In another example, a group of teams at Google had a “substantial” set of test files that still used the now outdated JUnit3 library, a unit testing open-source framework for Java. Updating them manually would be a big investment, and old tests can negatively impact the codebase, the Google authors explained.

“They are technical debt and tend to replicate themselves, as developers might inadvertently copy old code to produce new code,” they wrote.

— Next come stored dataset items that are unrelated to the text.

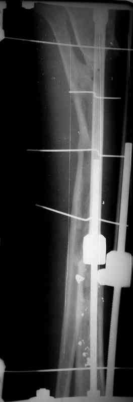 Признаюсь честно, не совсем уверен в прочности консолидации на стыке косточек. Кроме того, укорочение в районе 6 см. Сейчас реабилитация - ходит опираясь на ногу с одним костылем.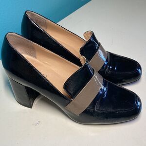 Franco Sarto Womens Heels Size 7 / 37 Black Patent Leather 3" Block Heel Shoes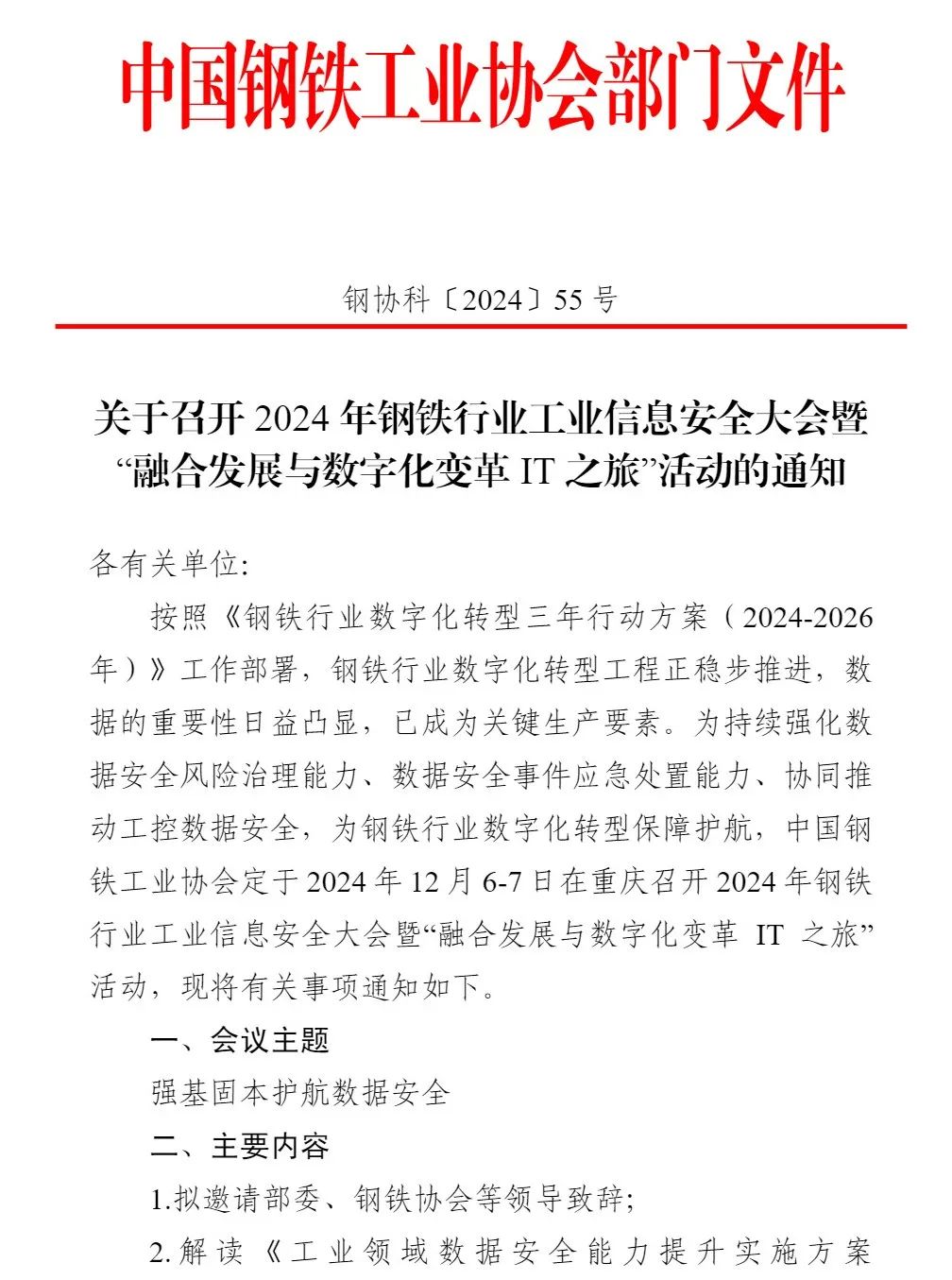 關(guān)于召開2024年鋼鐵行業(yè)工業(yè)信息安全大會暨“融合發(fā)展與數(shù)字化變革IT之旅”活動的通知
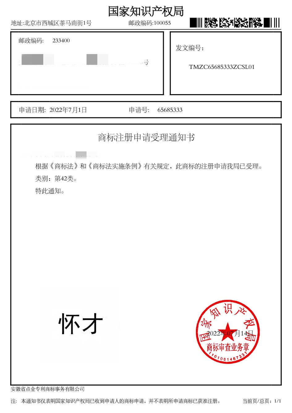 第42类“怀才”商标受理通知书

Google developers used the LLM to update what they called a “critical mass” of JUnit3 tests to the new JUnit4 library. With this technique, they were able to migrate 5,359 files, modifying more than 149,000 lines of code in 3 months.

Cleaning up stale code

A further use case involved cleanup of experimental code that had gone stale. Again, this process is time-consuming, so AI was asked to perform the following steps:

Find code locations where flags (experiments) are referenced

Delete code references to the flag

Simplify any conditional expressions that depend on the flag

Clean any dead code

Update tests and delete useless tests

Techniques can be applied anywhere

The framework is not restricted to Google’s software. As the report authors note: “We believe the techniques described are not Google-specific, and we expect that they can be applied to any LLM-powered code migration at large enterprises. The toolkit is versatile and can be used for code migrations with varying requirements and outputs.”